■ Description of the task ■
Look below for the line that has "The Swaddle Blanket"; output exactly from it through the line that has "WEICHE SCHALE HARTER", and leave the pictures out.

(Extracted records)
+++

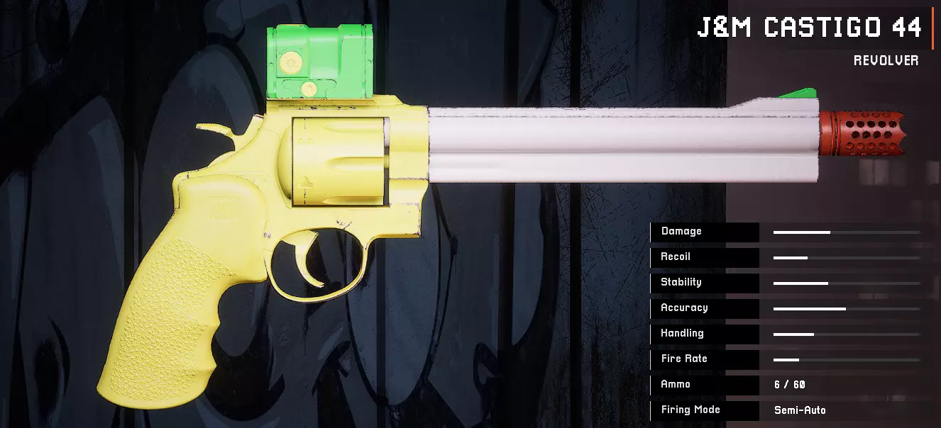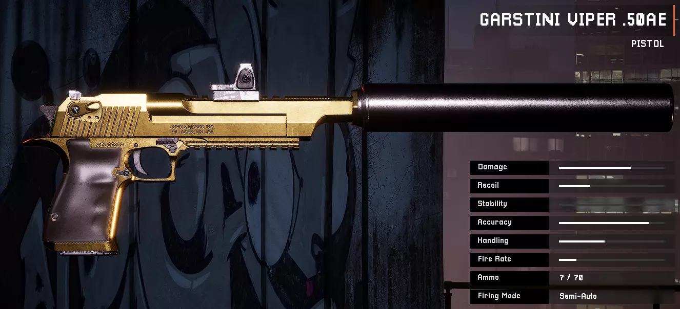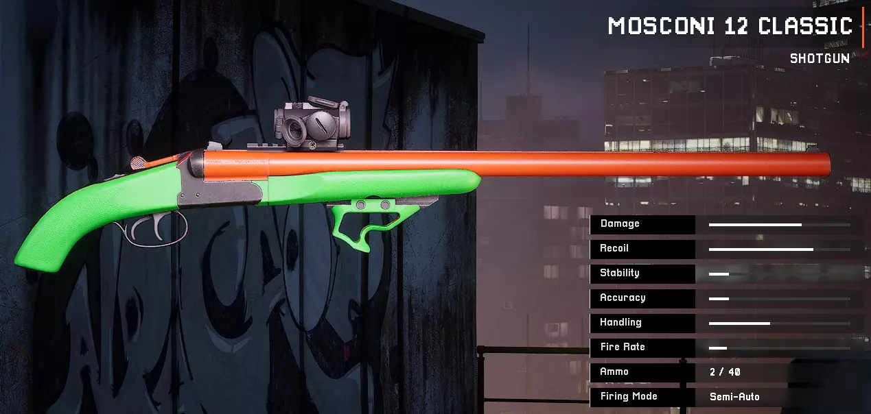枪管:远程枪管 弹匣:快拔弹匣 枪托:无 瞄准镜:鞘式红点瞄准镜 枪管延长件:12号口径沉降喉缩 握把:多孔握把 垂直握把:鬼武者角度握把 副武器:Garstini Viper 50AE
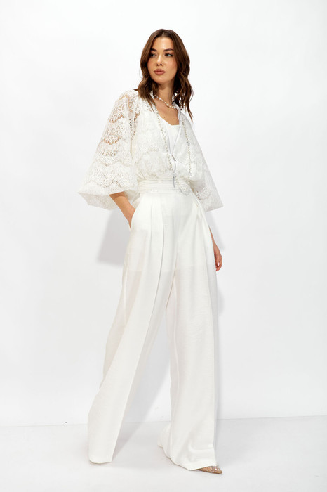 Брюки прямого силуэта из струящейся ткани.  По верху брюк притачная декоративная резинка.  По переду обработаны карманы в боковых швах и декоративные складки. На задних половинках брюк  листочки. Брюки на подкладке! Обращаем ваше внимание, что фурнитура может отличаться от фото.
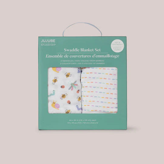 The Swaddle Blanket Set from JuJuBe × Studio Oh! includes two blankets, each with an irresistible, on-trend design. While perfect for swaddling newborns, these blankets can also be used for tummy time, as lightweight stroller covers, and as nursing throws.
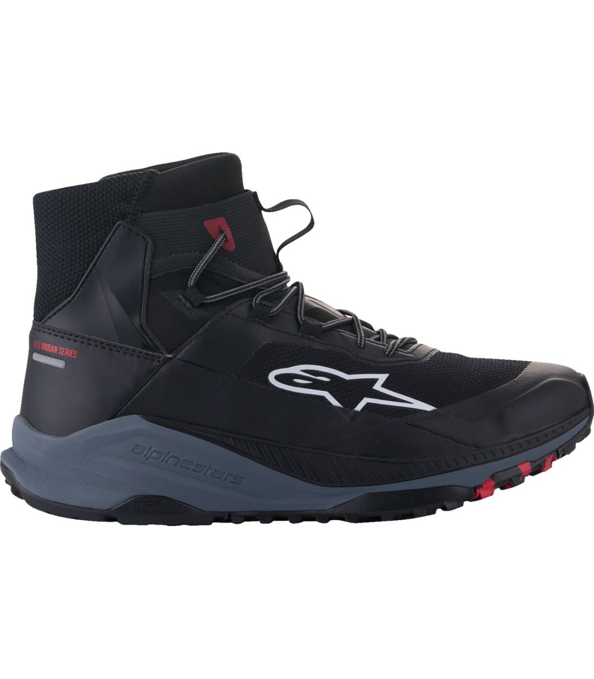Speedforce XR ShoesRiding shoe with look and feel of a running sneaker that offers versatility and protection. Main upper construction combines textile with seamless PU with reinforced toe and heel counter. Heel counter made in microfiber for durability.Removable OrthoLite® insock offers long lasting comfort on the instep and around the ankle while preventing over heating due to the Open Cell PU compound.Tongue cover made of elasticated material featuring integrated pocket to protect the lace closure. Collar area is elastic for comfort and better fit for different ankle sizes while rear back collar is made from engineered textile material featuring integrated rear puller for easy entry. 3D mesh lining offers high breathability and anti-sliding micro suede on heel.Sole construction features heel dampening EVA pad and integrated Alpinestars transversal protection frame (TPF) technology using forefoot front transversal metal bar.TPU shanks and a PU midsole for transversal protection while offering walking comfort and roll, also featuring a protective carbon textile layer. Oil resistant rubber sole and high grip lugs design for improved grip and control.Medial dual density ankle protectors combined with TPR detail on lateral ankle provides strategic protection and flexibility in key areas. Internal toe box and heel counter reinforcement is layered under the upper for ergonomic design and protection.8mm drop for optimum walking comfort.
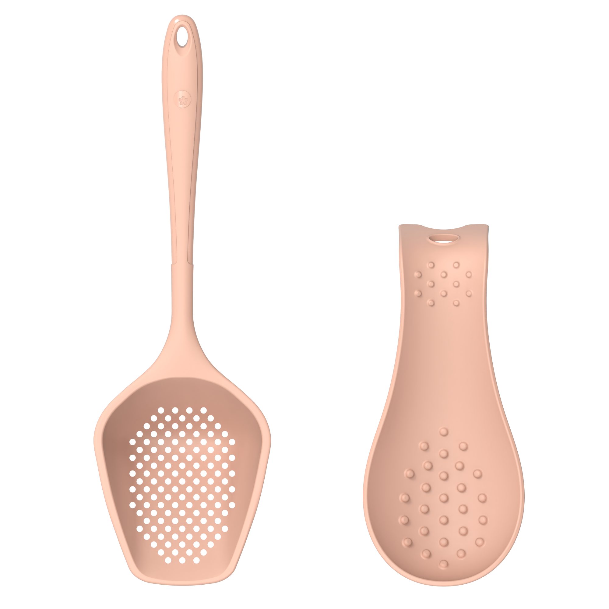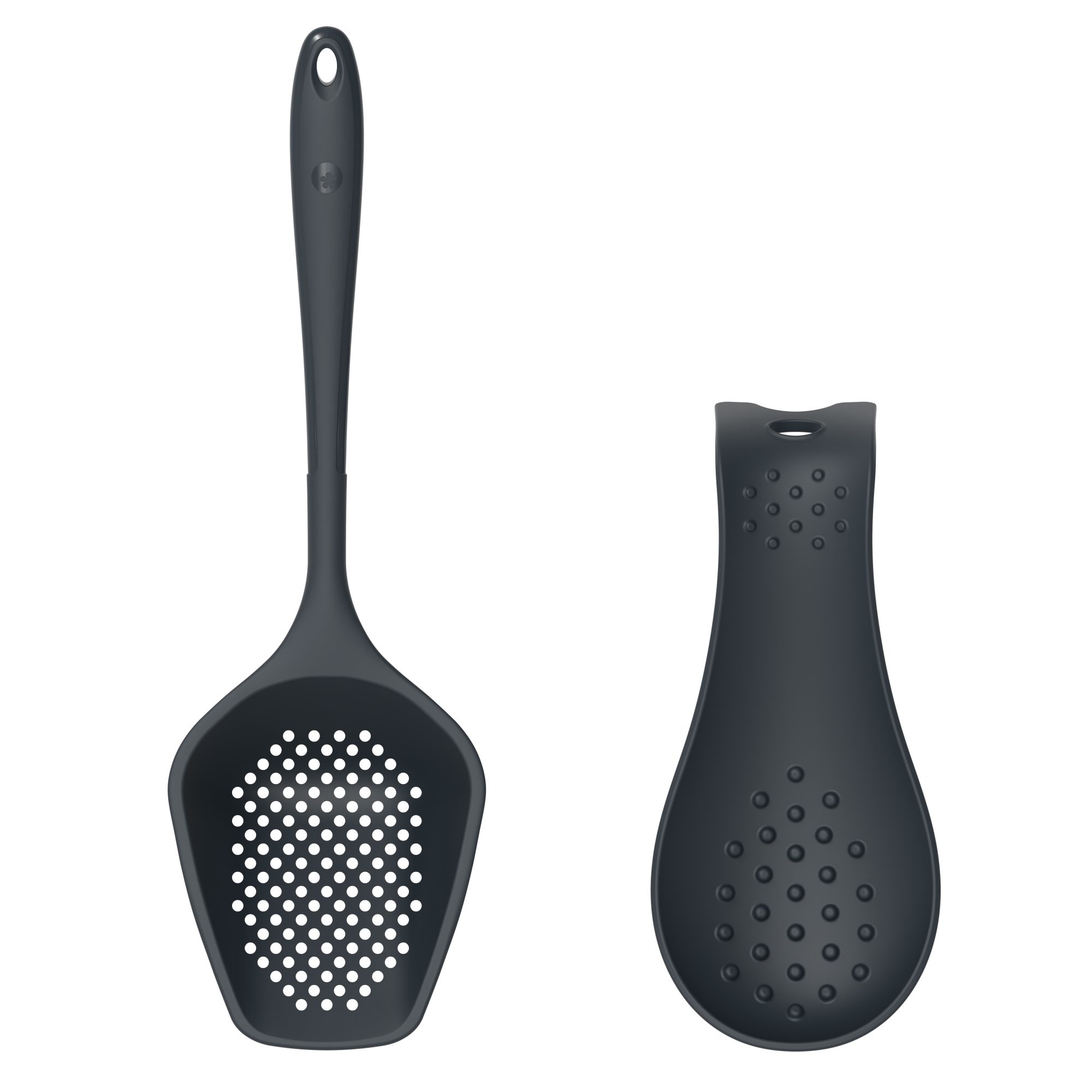 WEICHE SCHALE HARTER KERN: Durch den festen Edelstahlkern bleibt die Siebschaufel formstabil, während die Ummantelung aus Silikon die Oberfläche schützt.
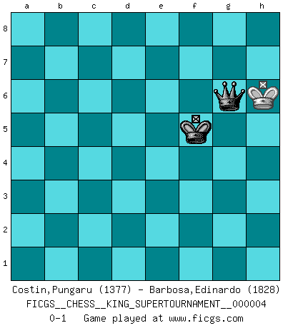 Last move : 0-1 2019 April 10 11:10:32 [Event "FICGS__CHESS__KING_SUPERTOURNAMENT__000004"] [Site "FICGS"] [Date "2018.12.16"] [Round "1"] [White "Costin,Pungaru"] [Black "Barbosa,Edinardo"] [Result "0-1"] [WhiteElo "1377"] [BlackElo "1828"] 1.e4 e5 2.f4 exf4 3.d4 Qh4+ 4.Ke2 Nf6 5.Nf3 Qh5 6.Bxf4 Qb5+ 7.Qd3 Qxb2 8.Qc3 Qxc3 9.Nxc3 Bb4 10.Nb5 Kd8 11.Ng5 Rf8 12.Bxc7+ Ke7 13.e5 Ne8 14.c3 Na6 15.cxb4 Naxc7 16.Nxc7 Nxc7 17.Nxh7 Rh8 18.Ng5 b6 19.h4 Nd5 20.a3 Bb7 21.Nf3 Rac8 22.Kf2 Rc2+ 23.Kg3 Ne3 24.Ne1 Rd2 25.Nf3 Bxf3 26.gxf3 Rxd4 27.f4 Nd5 28.Bh3 Nxf4 29.Rad1 Rxd1 30.Rxd1 Nxh3 31.Kxh3 Rh5 32.Rd5 Ke6 33.Rd6+ Ke7 34.Rd5 Rf5 35.Kg4 g6 36.a4 Kd8 37.Rb5 Kc7 38.a5 Kc6 39.axb6 axb6 40.Rxb6+ Kxb6 41.h5 Rxh5 42.Kf4 Kb5 43.Ke4 Kxb4 44.Kd5 Rxe5+ 45.Kxe5 f5 46.Kd6 f4 47.Kxd7 f3 48.Ke6 f2 49.Kf6 f1Q+ 50.Kxg6 Kc5 51.Kg5 Kd5 52.Kg4 Ke4 53.Kg5 Qf5+ 54.Kh6 Qg4 55.Kh7 Kf5 56.Kh6 Qg6+ 0-1 KGA : Villemson (Steinitz) gambit 10 pieces endgame at move 40 : White KRPPP , Black KRPPP WHITE : King + 1 Rook 3 Pawns BLACK : King + 1 Rook 3 Pawns 9 pieces endgame at move 40 : White KPPP , Black KRPPP WHITE : King + 3 Pawns BLACK : King + 1 Rook 3 Pawns 8 pieces endgame at move 41 : White KPP , Black KRPPP WHITE : King + 2 Pawns BLACK : King + 1 Rook 3 Pawns 7 pieces endgame at move 43 : White KP , Black KRPPP WHITE : King + 1 Pawn BLACK : King + 1 Rook 3 Pawns 6 pieces endgame at move 44 : White K , Black KRPPP WHITE : King + BLACK : King + 1 Rook 3 Pawns 5 pieces endgame at move 45 : White K , Black KPPP WHITE : King + BLACK : King + 3 Pawns 4 pieces endgame at move 47 : White K , Black KPP WHITE : King + BLACK : King + 2 Pawns Promotion Queen by player Black (move 49) 3 pieces endgame at move 50 : White K , Black KQ WHITE : King + BLACK : King + 1 Queen Player Black won this chess game. Follow this game move after move (download)Chess is like life. (Boris Spassky) Wie, soll nun auch die Opposition abgeschafft werden? Ja, es tut mir leid, Ihnen diesen Schmerz nicht ersparen zu können. (Aaron Nimzowitsch) No hay precio que sea tan grande por la cabellera del Rey enemigo. (Koblentz) Nous sommes les pions de la mystérieuse partie d'Echecs jouée par Dieu. Il nous déplace, nous arrête, nous pousse encore, puis nous lance un à un dans la boîte du Néant. Epitaphe sur la tombe de David Janowsky (1868-1927). Methinks King Thibault should dub Marius Zubac a knight of the square board... I mean table, henceforth addressing him as Sir Marius, and bestow on him a suitable land from the kingdom of FICGS & marry him off to a worthy, fair maiden, lest he slice our heads with his mighty sword in his wrath. (Dinesh De Silva)
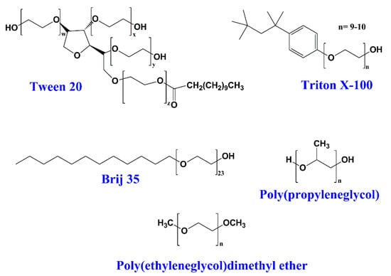 The non-ionic surfactants have polar head groups that are not electrically charged. In general, the solubility of non-ionic surfactants in water is not good compared with the solubility of ionic surfactants; however, they do not change the pH of the solution. Usually, these surfactants show a better biocompatibility than ionic ones, making them suitable for biomedical applications [,,,]. The non-ionic surfactants are also the most used in the food industry [,,]. Typical non-ionic surfactants are Tween 20, Tween 80, Triton X-100, Brij-35, and alkylethers of poly(ethylene glycol) and poly(propylene glycol) (Figure 4).
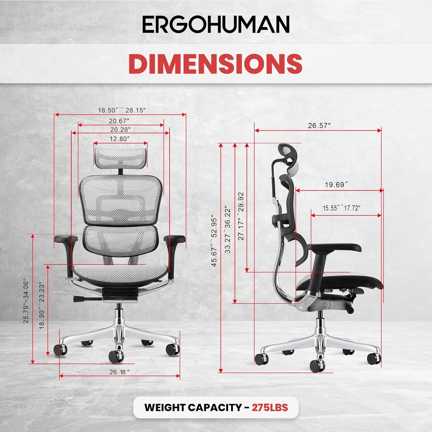 - With overall dimensions of 26.18'' x 26.57'' x 44.69-51.18'' (W x D x H), the seat measuring 20.67'' x 19.69'' (W x D), and the backrest at 20.67'' x 27.17-29.92'' (W x H), ensuring ample space and a weight capacity of 275 lbs for a comfortable and accommodating seating experience.
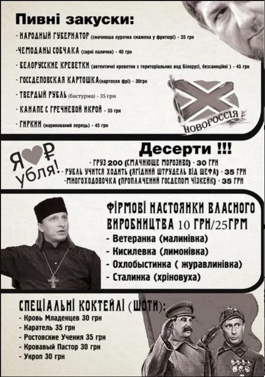 - серед коктейлів та настоянок: "Кров немовляти", "Каратєль", "Ростовські навчання", "Кривавий пастир", "Укроп", "Охлобистинка", "Ветеранка", "Сталінка".
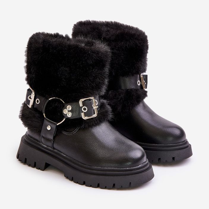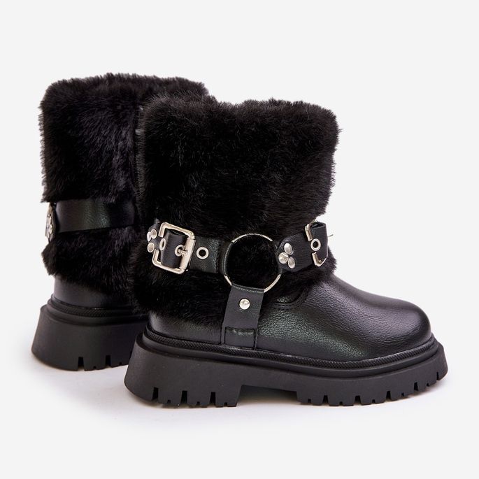 Inna marka Eco bőrből készült lánycsizma szőrmével és csatokkal, fekete kartemes
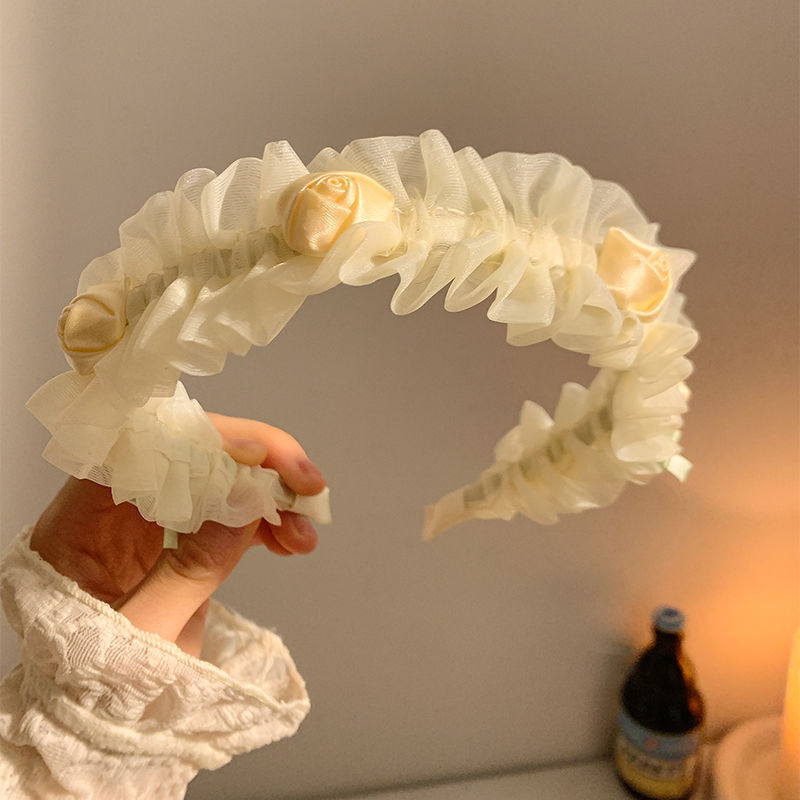 超仙山茶花网纱发箍女春夏季高颅顶高级感百搭压发发卡头箍发饰
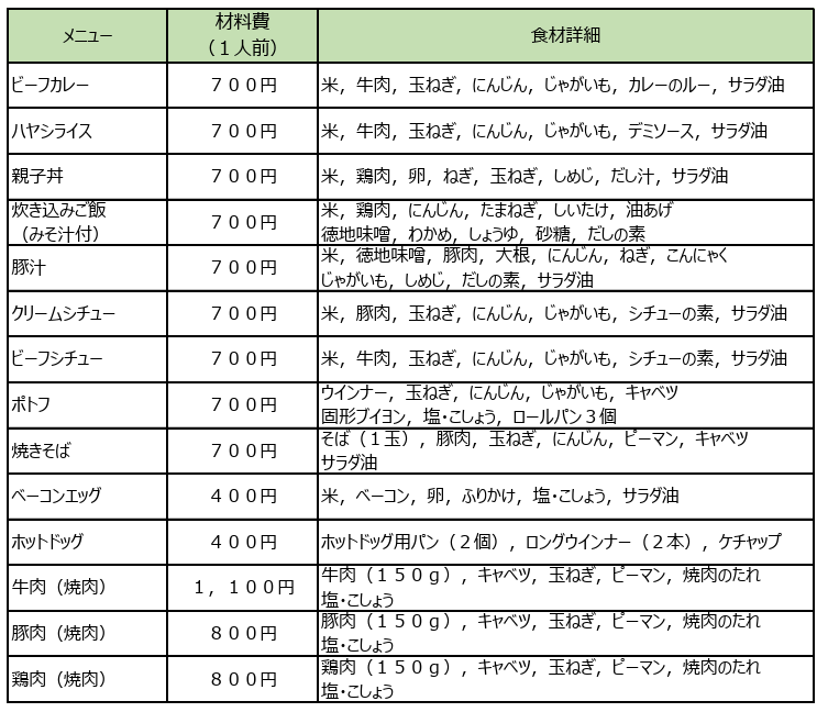 市販されている消費期限が喫食される日まで保証されている食材をご準備ください。
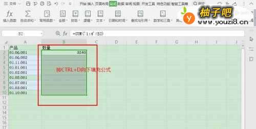 4选择单元格【B2:B10】,按【CTRL+D】向下填充公式即可。
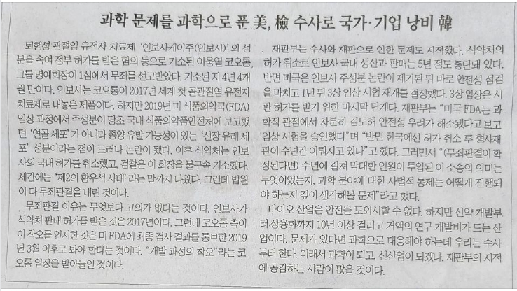 인보사 문제가 무죄로 판결이 났단다. 만시지탄이지만 다행이다.
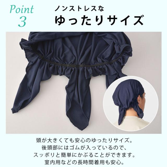 後頭部にはゴムが入っているので、スッポリと簡単にかぶることができます。

+++

■ Exercise solution ■
 The Swaddle Blanket Set from JuJuBe × Studio Oh! includes two blankets, each with an irresistible, on-trend design. While perfect for swaddling newborns, these blankets can also be used for tummy time, as lightweight stroller covers, and as nursing throws.
Speedforce XR ShoesRiding shoe with look and feel of a running sneaker that offers versatility and protection. Main upper construction combines textile with seamless PU with reinforced toe and heel counter. Heel counter made in microfiber for durability.Removable OrthoLite® insock offers long lasting comfort on the instep and around the ankle while preventing over heating due to the Open Cell PU compound.Tongue cover made of elasticated material featuring integrated pocket to protect the lace closure. Collar area is elastic for comfort and better fit for different ankle sizes while rear back collar is made from engineered textile material featuring integrated rear puller for easy entry. 3D mesh lining offers high breathability and anti-sliding micro suede on heel.Sole construction features heel dampening EVA pad and integrated Alpinestars transversal protection frame (TPF) technology using forefoot front transversal metal bar.TPU shanks and a PU midsole for transversal protection while offering walking comfort and roll, also featuring a protective carbon textile layer. Oil resistant rubber sole and high grip lugs design for improved grip and control.Medial dual density ankle protectors combined with TPR detail on lateral ankle provides strategic protection and flexibility in key areas. Internal toe box and heel counter reinforcement is layered under the upper for ergonomic design and protection.8mm drop for optimum walking comfort.
 WEICHE SCHALE HARTER KERN: Durch den festen Edelstahlkern bleibt die Siebschaufel formstabil, während die Ummantelung aus Silikon die Oberfläche schützt.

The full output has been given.